Antero Resources Corp. received the massive equity infusion from private firms Warburg Pincus, Yorktown Energy Partners VII LP and Lehman Brothers Merchant Banking Group.
This is the third time private firms have helped the company, since writing checks for $260 million at its inception in 2002.
Led by local oil and gas veterans Paul Rady and Glen Warren, Antero will use the money to drill 50 wells a year in each of the two areas where it has operations - the Piceance Basin in Colorado and the Arkoma Basin in Oklahoma.
Antero's resurgence comes two years after it sold all its natural gas assets, mostly in the Barnett Shale formation in Texas, to XTO Energy in Fort Worth for $685 million. Since then, the company has kept its name and headquarters in Denver along with more than two dozen employees who stayed on to rebuild the company.
A trained geologist, Rady has built and sold several companies during his 30 years in the energy industry, but that strategy could change.
"Our model is not to sell anytime soon," the 53-year-old Rady said. "We will continue looking for other unconventional resource projects, shale plays and the like for a good many years and keep building to see where it takes us."
Antero has four drilling rigs in Piceance Basin, seven in Arkoma and about 100 producing gas wells. It has more than 120,000 leased acres with 2,800 drilling locations identified.
Rising oil and gas prices have made it easier for experienced industry executives in Denver such as Rady to get money from Wall Street to pump into traditional energy companies.
Peter Dea, the former chairman and CEO of Western Gas Resources also has started a private company in Denver, Cirque Resources. Western Gas was bought by Texas oil producer Anadarko for $5.3 billion last summer.

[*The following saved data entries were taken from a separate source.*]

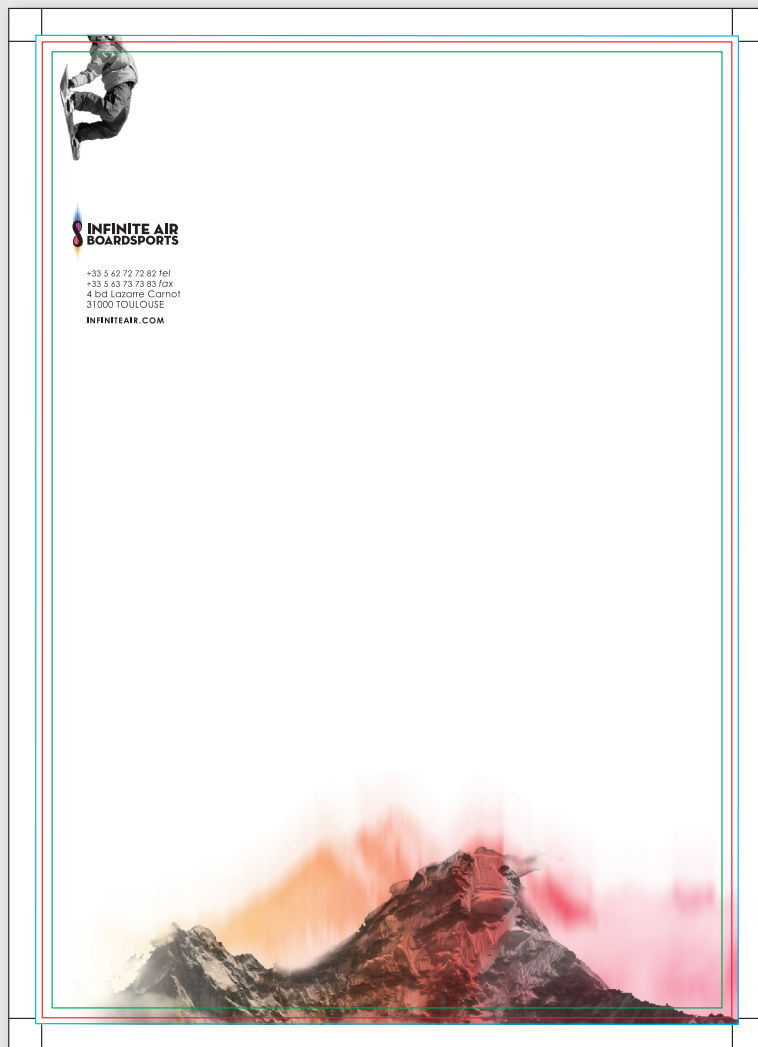
Fichier dans gabarit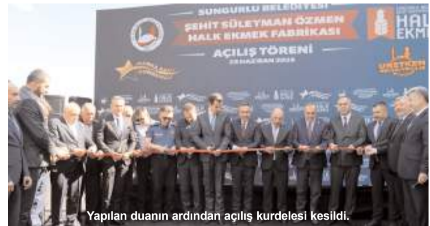
Yapılan duanın ardından açılış kurdelesini kesiliyor.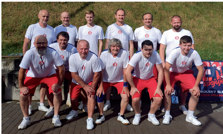
Veřejné cvičení Moravské Bránice, 1. června 2024.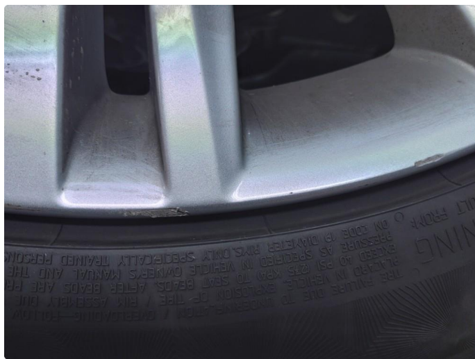
1.4 Kantkjørt felg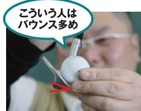
こういう人は バウンス多め ハンドファーストが強め、入射 角が鋭角な人はバウンス多めが 合う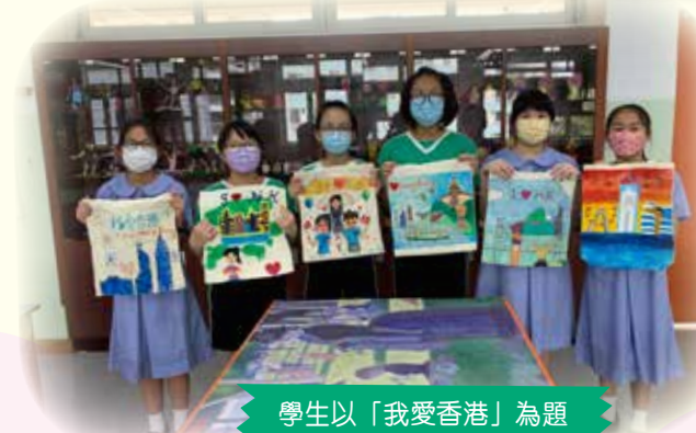
學生以「我愛香港」為題設計環保袋。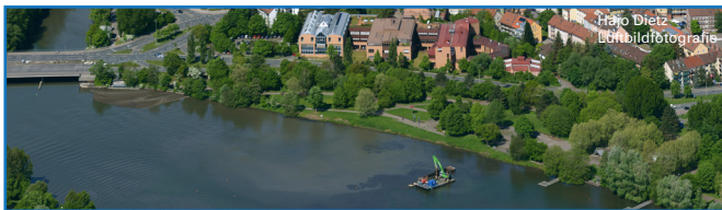
Die Luftaufnahme vom Mai 2013 zeigt den Bereich des zukünftigen Sandstrandes.

Der Untere Wöhrder See besitzt derzeit eine sehr monotone, nicht strukturierte Uferlinie. Die steilen Ufer sind weitgehend nicht zugänglich.

"In the next 30 to 40 years, traditional energy is going to be the elephant in the room. I am not in the least surprised that Wall Street is chasing after those forms of energy," said Lakshman Guruswamy, director of the Security Initiative and the Nicholas Doman Professor at the University of Colorado School of Law.
"But pursuing an economy based on hydrocarbons is not a wise thing to do. Hydrocarbons cause climate change, and there is no question that we are relying on a resource that is exhaustible."
Paul Rady's résumé
2002-present: Antero Resources chairman and CEO. Sold off the company's assets to XTO Energy in 2005 for $685 million. Landed $1 billion equity financing Wednesday from Wall Street to rebuild the company.
1998-2001: Pennaco Energy chairman and CEO. Sold the company to Marathon Group for $500 million in 2001.
1990-1998: Barrett Resources president and CEO. The company sold to Williams Cos. in 2001 for $2.5 billion.